= Youth Drug and Alcohol Court of New South Wales =

The Youth Drug and Alcohol Court of New South Wales was the generic name given to a harm minimization program administered through the Children's Court of New South Wales that operated between 2000 and 2012. The Court was a children's court that specialised in criminal offences in which a child over 14 but under 18 years of age has an addiction to illicit drugs or alcohol.

The Court was the first youth court of its type that was established in Australia.

==History==
The establishment of the Youth Drug and Alcohol Court program was one of the outcomes of the New South Wales Government’s Drug Summit in 1999. The summit was called to address increasing community concern about the role of illicit drugs in the community.

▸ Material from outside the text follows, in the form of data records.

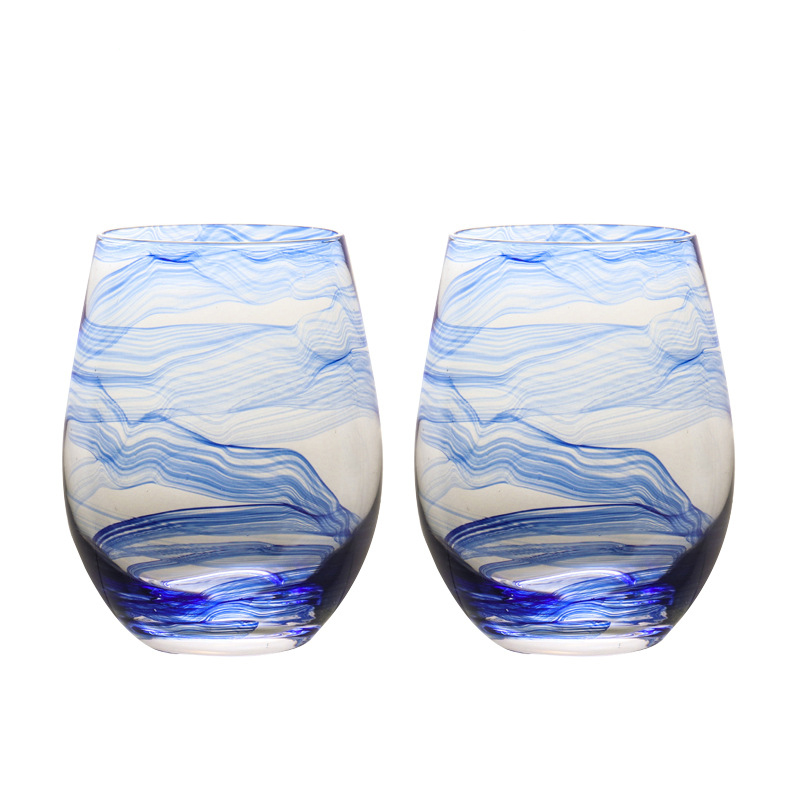 20oz High Grade Lead Free Crystal Blue Color Stemless Wine Glass 600ml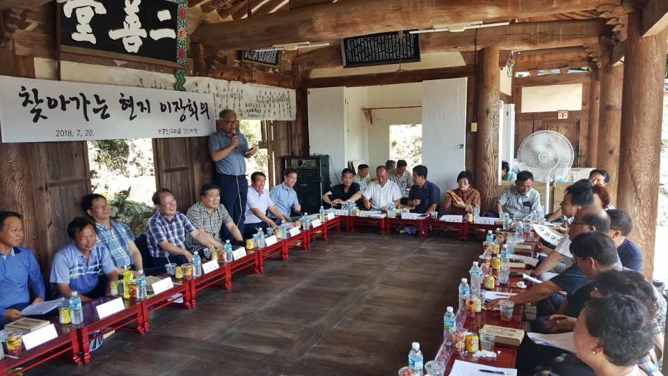 강동면은 주민과 소통하는 행정실현을 위해 지역 명소, 주요사업 추진현장 등 주민의 생활 현장을 순회하면서 이장회의를 열고 있다.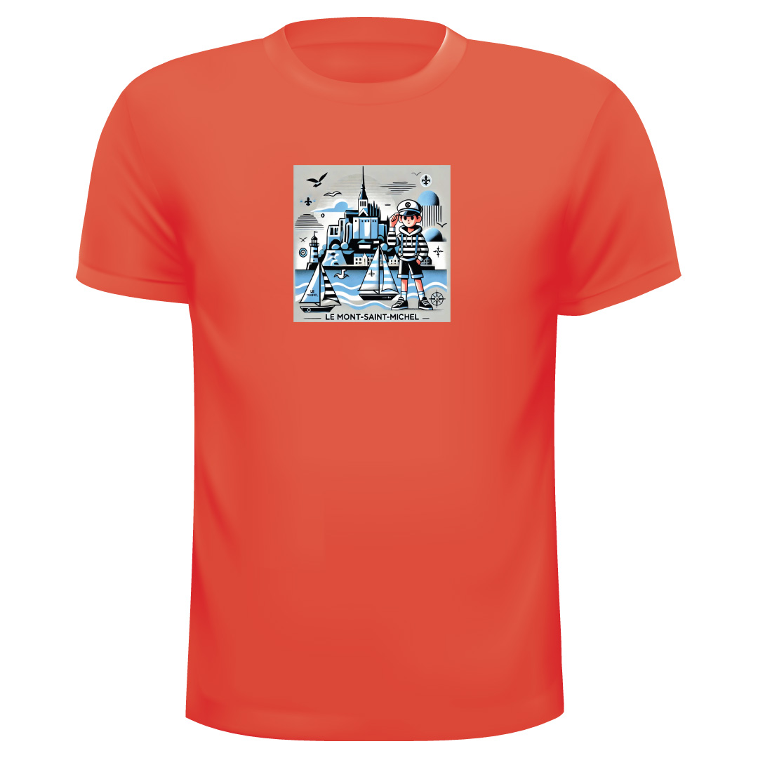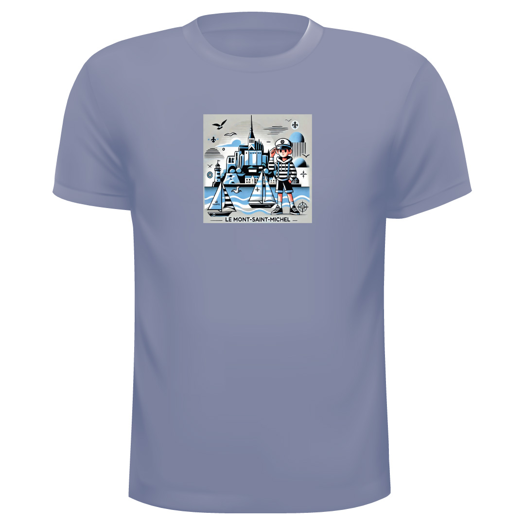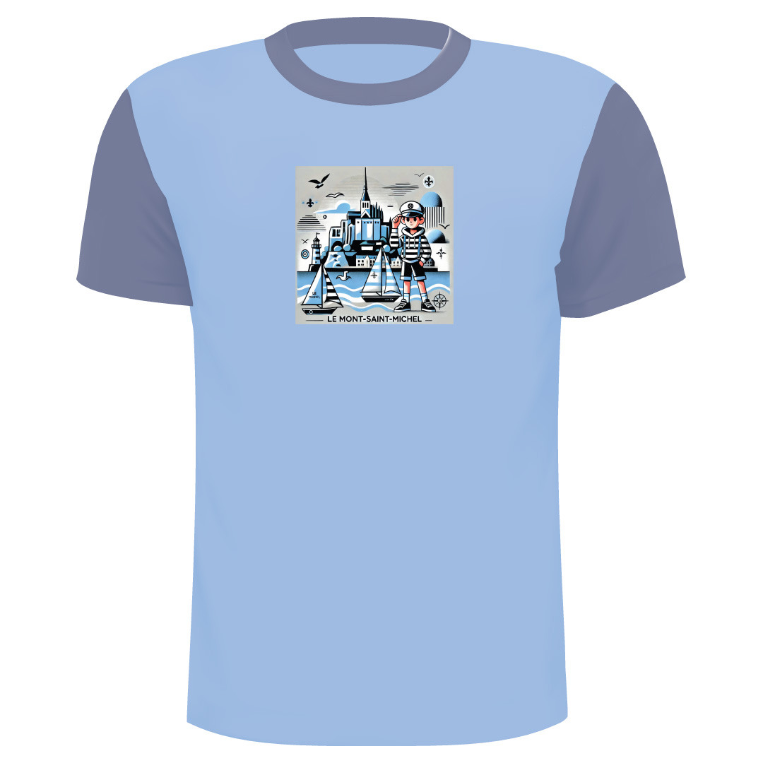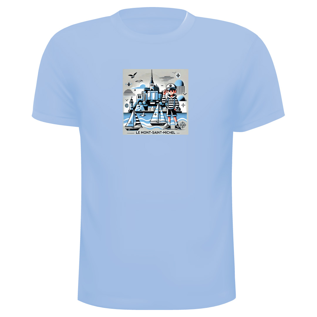 T-Shirt Mont ST Michel Ref 12, 100% Coton avec les couleurs suivantes : Ciel – Marine, Rouge, Ciel, Marine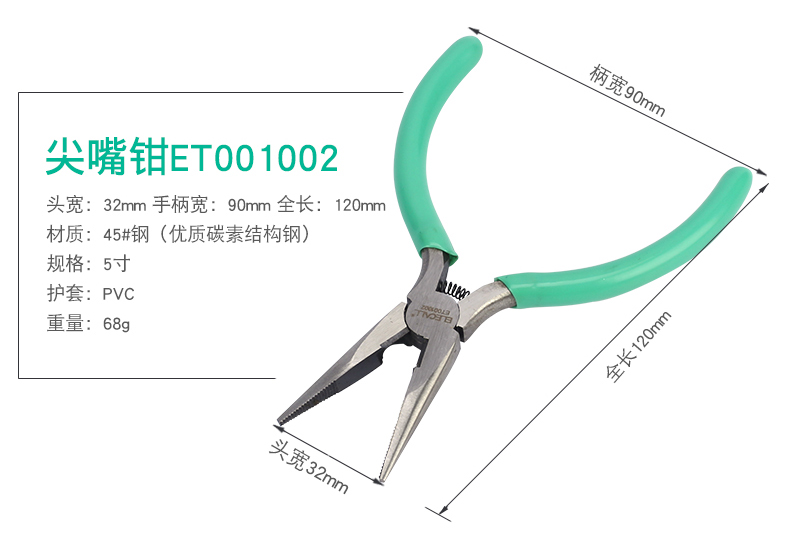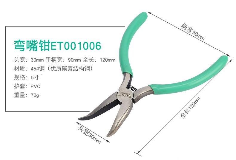 伊莱科(ELECALL)五金迷你工具钳斜嘴钳尖嘴老虎钳针嘴钳顶切弯嘴钳子多功能钳子 5寸尖嘴钳ET001002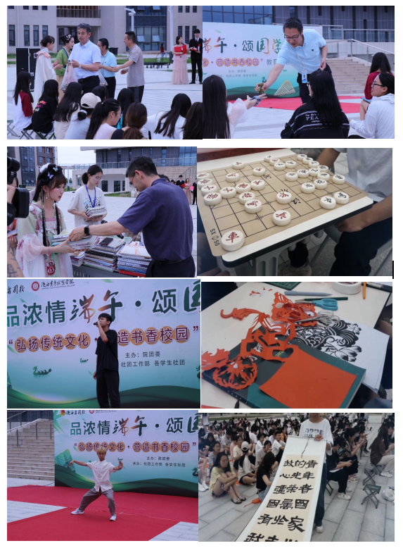 活动现场,图书馆为现场学生赠送期刊读物,后勤服务管理中心送上端午粽子。活动以宿莽文学社汉服展示《书简舞》开场,纸语轩·纸艺社,墨韵书画摄影协会、少儿·完美画社分别带来书法绘画、剪纸、手抄报、Diy香包等文化创意作品展示;博雅传统文化协会、精武协会带来传统武术表演;校园广播站进行了国学诗词朗诵,音乐社进行了经典歌曲演唱;音控社、羽毛球社等社团设立的象棋、围棋、汉服走秀等比赛项目赢得同学们积极参与。
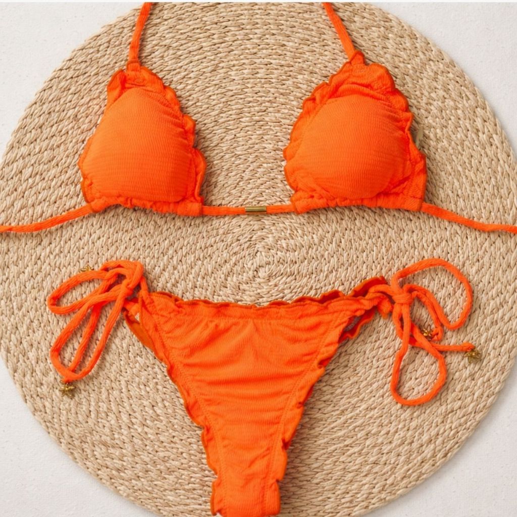 Biquíni Cortininha Feminino Ajustável Empina Bumbum De Amarração Com Bojo Removível Ripple Verão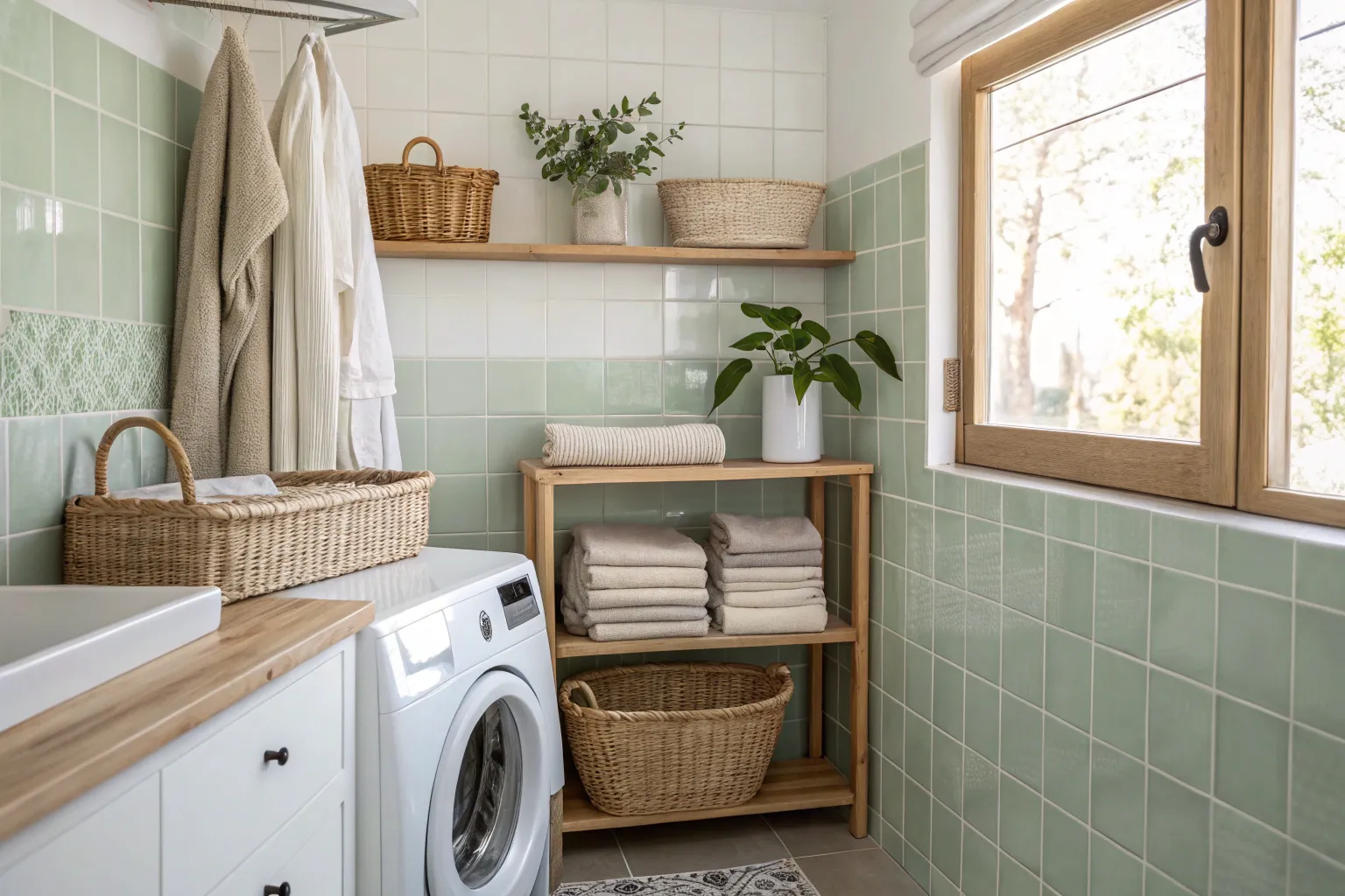 Soft pastel tiles can create a serene and calming atmosphere. They’re perfect for making your laundry routine feel a little more peaceful.

One of the Summit’s recommendation was that the existing Adult Drug Court trial underway at Parramatta (see Drug Court of New South Wales be expanded to be available to young offenders. The initial trial was conducted at Campbelltown and commenced on 31 July 2000. The program was established as a pilot for two years and continued until July 2012, when the Court was axed due to budget cuts.

==Jurisdiction==
The Court was constituted by a single Children's Magistrate of the Children's Court of New South Wales. It operated in Sydney at Parramatta, Bidura Glebe and Campbelltown. Matters referred to the Youth Drug and Alcohol Court were then dealt with by that program, provided that the child met the eligibility criteria and was accepted onto the program.

==Magistrates==
There were no special requirements for appointment of a children's magistrate to the program. This differs to the Adult Drug Court where the Governor of New South Wales appoints the judicial officer to the court.

==Objectives==
The objectives of the Court were to reduce the alcohol and drug dependency of children, to promote the re-integration of such drug dependent children into their families and the community, and to reduce the need for such drug dependent children to resort to criminal activity to support their drug dependencies.

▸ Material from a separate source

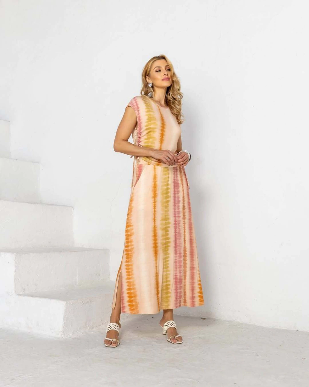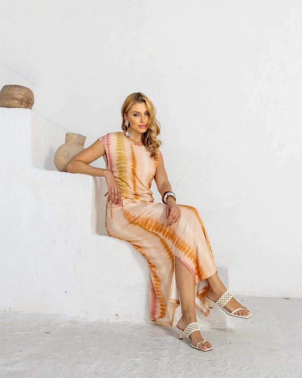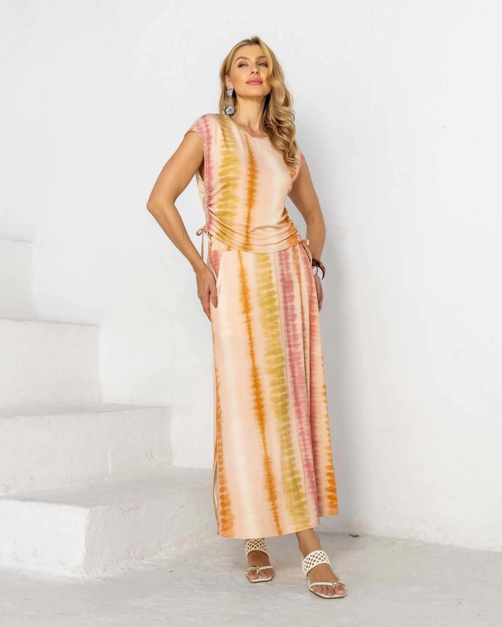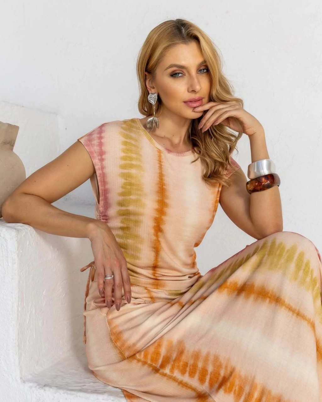 A regata com franzido lateral valoriza a silhueta com um toque delicado, enquanto a saia longa traz aquele movimento fluido e elegante, perfeito para looks leves e descontraídos. O efeito tie dye confere uma vibe moderna e cheia de personalidade, ideal para quem ama estar na moda sem abrir mão do conforto.
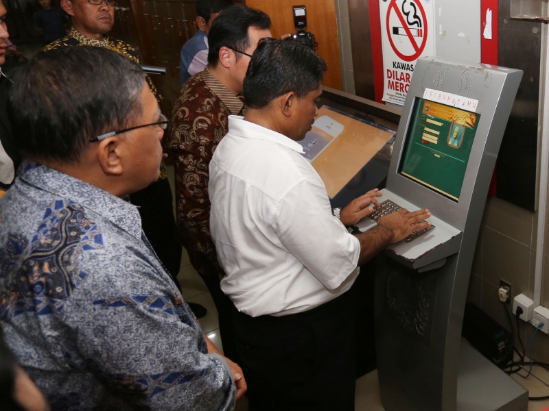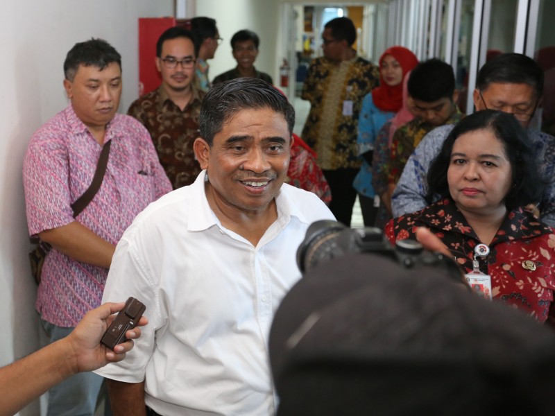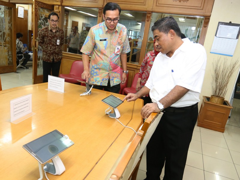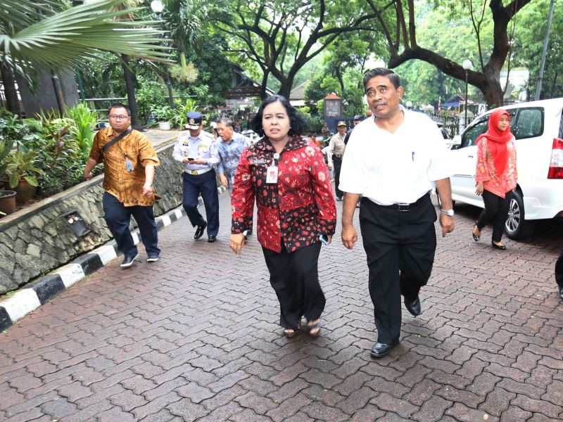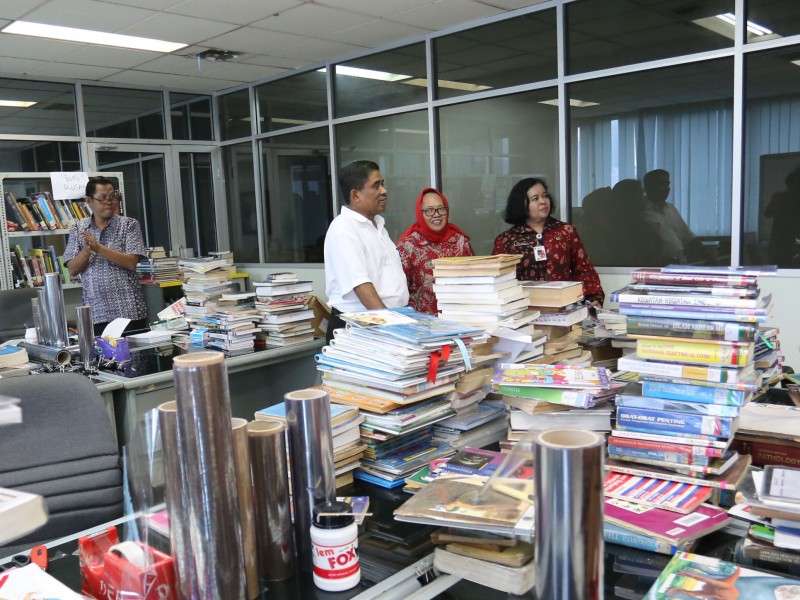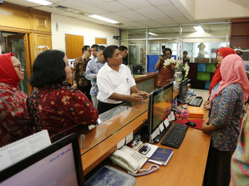 Pelaksana Tugas (Plt) Gubernur DKI Jakarta, Sumarsono mengapresiasi pengelolaan perpustakaan daerah di Gedung Nyi Ageng Serang, Karet Kuningan, Setiabudi, Jakarta Selatan, Jumat (27/1). Sumarsono menilai pengelolaan perpustakaan sudah cukup baik, menggunakan sistem digital. Buku-buku yang rusak tidak dibuang tapi direnovasi. (Foto: Punto/beritajakarta.com)

The program differs to the Adult Drug Court in that children were dealt with pre-sentence rather than post sentence. A sentence on a child is postponed until full participation through the program has been undertaken.

==Eligibility and selection for a program==
Eligibility for the program was limited to young people who:

1. Were ineligible for a caution or conference under the Young Offenders Act 1997 (NSW).
2. Were charged with an offence that was able to be dealt with by a Children’s Court (that is, the young person is aged between 10 and 18 years at the time of the commission of the offence and the offence was not a serious children’s indictable or traffic offence that is dealt with by other courts)
3. Have a demonstrable drug and/or alcohol problem.
4. Reside within the catchment area (Greater Sydney)
5. Were not charged with a sexual offence.
6. Plead guilty or indicate an intention to plead guilty if admitted into the program.
7. Consent to participate in the program.
8. Were aged between 14 and 18 years, although the YDAC Magistrate had discretion to admit into the program young people under 14 years who were assessed as being suitable for admission. It is the discretion of the presiding children's magistrate to determine whether the child was referred to the program.

==Evaluation==
The program was reviewed in 2003 by the Social Policy Research Centre of the University of New South Wales and was considered a success.